Именно последними вопросами на грани жизни и смерти, нарочито небрежной манерой письма, абсурдным нагнетанием ужаса проза Карпова удивительно похожа на рассказы и романы Юрия Мамлеева. Основная разница между ними в том, что героям "классических" произведений Мамлеева чужды не только социальный пафос, идеология, но и религиозность: надломленный позднесоветский человек, оказавшийся один перед лицом смерти, пассивно заворожен или, в крайнем случае, предается слепому оккультному поиску. Прошло каких-то сорок с небольшим лет между "Пламенем" и "Шатунами", и вот уже на смену традиционным сиволапым мужикам с дремучей наивностью и искренней верой приходят их бледные потомки, запертые в клетках окраинных хрущевок, с их тайными снами и страхами. От Карпова к Мамлееву и далее к Владимиру Сорокину и Виктору Пелевину читатель (если он историк и психолог в одном лице) может проследить всю историю кризиса нации в XX веке. Конечно, соблазнительно и небезынтересно предаваться холодному анализу гнозиса вышепоименованных авторов, но иногда оторопь берет: "До чего же дошел русский человек!" И не сжечь ли все эти книжки с куда-то там идущими, от греха подальше?

Любовь/ненависть (love/hatred) вызывают у меня эти русские гностики. Их частью души любишь, частью — ненавидишь. Любовь и ненависть — те самые два полюса карповского "Пламени": как вождь пламенников Крутогоров гремел среди мужиков: "И ненавидьте, братья мои, чтобы любить!.. Нет любви без ненависти!.."

Пимен Карпов своим "Пламенем", вышедшим в первой редакции еще в 1914 году, сознательно провоцировал общественность на неприятие (в связи с его провокационностью можно вспомнить и известное письмо Карпова В.В. Розанову, впервые опубликованное Куняевыми в "Прометее" за 1987 г.). Разбирать отклики тогдашней критики здесь не имеет смысла, интереснее обратиться к феномену нового открытия П.Карпова уже в постсоветской России. Безусловно, "вторым рождением" Карпова читатель обязан Сергею Куняеву, издавшему "Пламень", стихотворения и воспоминания под одной обложкой в серии "Забытая книга" в 1991 году. Сборник был предварен статьей Куняева, содержавшей наиболее важные биографические данные. К этой статье я и отсылаю всех интересующихся. Публикация 1991 года фактически заново вводила Карпова в русскую литературу, поскольку бoльшая часть тиража основного карповского текста, "Пламени", в 1914 г. была конфискована и сожжена (как это неспроста!).
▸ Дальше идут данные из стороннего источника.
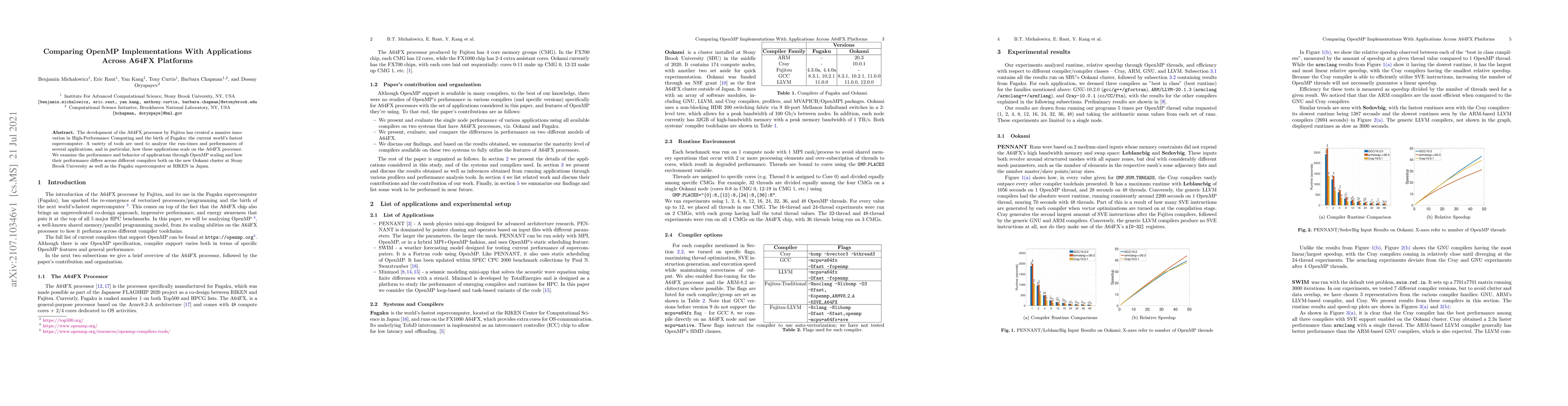 This paper investigates the performance of OpenMP implementations across applications on the A64FX processor, comparing results from the Ookami cluster and the Fugaku supercomputer to analyze how different compilers affect application scaling and run-times.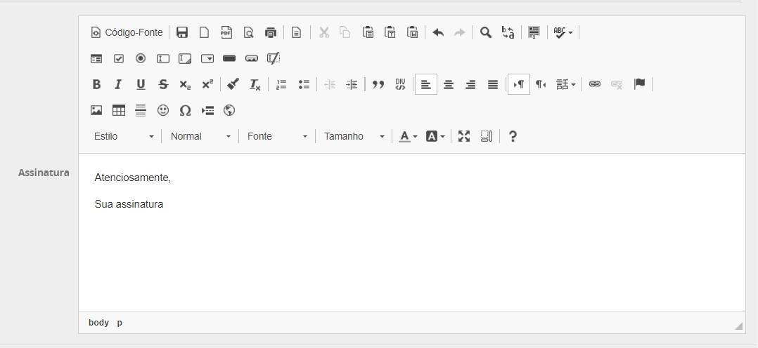 O usuário poderá cadastrar sua assinatura no sistema assim como já é feito em programa como Outlook.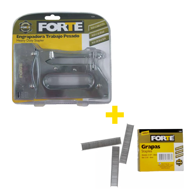 Combo Engrapadora + Grapas trabajo pesado. Engrapadora de trabajo pesado código 7234 (4 Unidades) + Caja de grapas trabajo pesado de 5/16" código 7235 (8 Cajas).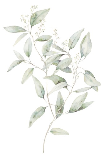Framed Pastel Green Leaves with Small Flowers Floral Botanical Illustrations Rustic RelaxCalm Multicolor Living Room Bedroom Office Black

Известный парадоксалист Александр Дугин в середине девяностых недоумевал: непонятно, зачем был переиздан Карпов? Действительно, зачем? Лежал бы себе сокровенно в архивах и в кабинетах библиофилов. Но только тогда уж Дугину не удалось бы прочесть Карпова (как, видимо, не удалось его прочесть в свое время Мамлееву) и написать о нем статью "Кровушка-Матушка", которая тоже поспособствовала возвращению Карпова, но уже в несколько иные круги (см. А.Дугин. Русская вещь. — М., 2001. С. 67-84). Сколько сейчас можно встретить образованных читателей, имеющих представление о Карпове только по пересказу в дугинской статье! Что ж, поклон и Александру Гельевичу, бескорыстному популяризатору. Однако, мне кажется, я представляю, "зачем" Дугин писал свою статью.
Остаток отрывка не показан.